День стоял по-обычному в июле жаркий, сухой, палящий, на вокзальной площади перед платформами с поездами толпились, шли, стояли, сталкивались, бежали сотни людей, и все это шумело, кричало, стучало, разговаривало, но Майя купалась во всем этом, блаженствовала, наслаждалась – была счастлива. Багаж ее – все те те три чемодана, один маленький, два больших, все те же три картонные коробки из-под макарон, – кроме маленького чемодана и японского зонтика, был сдан в камеру хранения, и ей легко и вольно было идти в этой клокотавшей, бурлившей толпе.
На повороте к метро, у газетного киоска, ее вдруг резануло по глазам какое-то знакомое лицо, мальчишка-подросток тоже смотрел на нее – лицо было знакомое, несомненно… да, но откуда?
– 3драсъте, Майя Константинна! – сказал, улыбаясь, мальчишка, отчего его широкий нос разъехался в пол-лица, и Майя тотчас вспомнила – это же ее бывший ученик, тот, уехавший Кузьмичев.
– А, здравствуй, здравствуй, Кузьмичев! – весело сказала она, останавливаясь. – Вот встреча так встреча! Что, на побывку собрался?
– Не-ет, – мальчишка помотал головой и посмотрел в сторону. – Совсем.

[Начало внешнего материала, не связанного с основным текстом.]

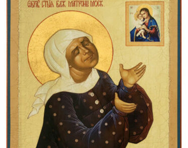 «О блаженная, мати Матроно, услыши и приими ныне нас, грешных, молящихся тебе, навыкшая во всем житии твоем приимати и выслушивати всех страждущих и скорбящих, с верою и надеждою к твоему заступлению и помощи прибегающих, скорое поможение и чудесное исцеление всем подавающи; да не оскудеет и ныне милосердие твое к нам, недостойным, мятущимся в многосуетнем мире сем и нигдеже обретающим утешения и сострадания в скорбех душевных и помощи в болезнех телесных: исцели болезни наша, избави от искушений и мучительства диавола, страстно воюющаго, помози донести житейский свой Крест, снести вся тяготы жития и не потеряти в нем образ Божий, веру православную до конца дней наших сохранити, упование и надежду на Бога крепкую имети и нелицемерную любовь к ближним; помози нам по отшествии из жития сего достигнути Царствия Небеснаго со всеми угодившими Богу, прославляюще милосердие и благость Отца Небеснаго, в Троице славимаго, Отца и Сына и Святаго Духа, во веки веков. Аминь».

– Вот да! – Майя засмеялась. – И в самом деле – встреча так встреча. А почему же ты, Кузьмичев, уезжаешь?
– Дак почему… – Мальчишка поднял на нее глаза, пожал плечами и снова опустил. – Проболел, все на разряд сдали, а я и вовсе без всякого.
– Так и что же, уезжать из-за этого?
– Дак мне предлагали: подсобником. Общежитие давали. Потом, мол, со следующим выпуском, защитишься…
– Ну? – поторопила Майя.
– Решил я – знак это мне. Возвращайся, дескать. Не нравится мне в Москве, поеду. Не могу я здесь. Билет вот покупал… А вы, – нос его снова разъехался на пол-лица, – а вы в отпуск сюда?

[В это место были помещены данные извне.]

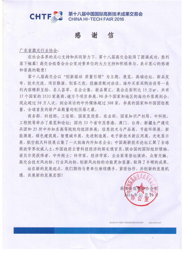 在剛剛結(jié)束的高交會(huì)上,廣東省激光行業(yè)協(xié)會(huì)榮譽(yù)收到中國(guó)國(guó)際高新技術(shù)成果交易會(huì)組委會(huì)頒發(fā)的“優(yōu)秀組織獎(jiǎng)”并附感謝信,感謝信說(shuō):“在社會(huì)各界的關(guān)心支持和共同努力下,十八屆中國(guó)國(guó)際高新技術(shù)成果交易會(huì)取得了圓滿成功,勝利落下帷幕。高交會(huì)組委會(huì)辦室對(duì)貴單位的大力支持和積極參與,表示衷心感謝和崇高的敬意”! “并期待與貴單位繼續(xù)攜手,緊密協(xié)作,共創(chuàng)新的發(fā)展機(jī)遇,共展新的發(fā)展宏圖”。

Майя молча помотала головой, глядя на мальчишку с непонятным самой себе щемящим чувством. Потом сказала:
– Тоже насовсем. – И подала ему руку: – Ну, прощай. Будь счастлив.
– А-ага. И вы… тоже, – смущаясь, выговорил мальчишка.
Майя кивнула, повернулась и пошла к метро. Она не знала, как ей устроиться в Москве, откуда у нее возьмется прописка, работа, не знала, как образуется все с брошенными документами – ничего это ее сейчас не интересовало; как-нибудь все устроится, обязательно, несомненно. Выйдет в конце концов замуж, даже фиктивно, найдет уж кого-нибудь, главное – вновь ходить по ней, вновь быть в ней!..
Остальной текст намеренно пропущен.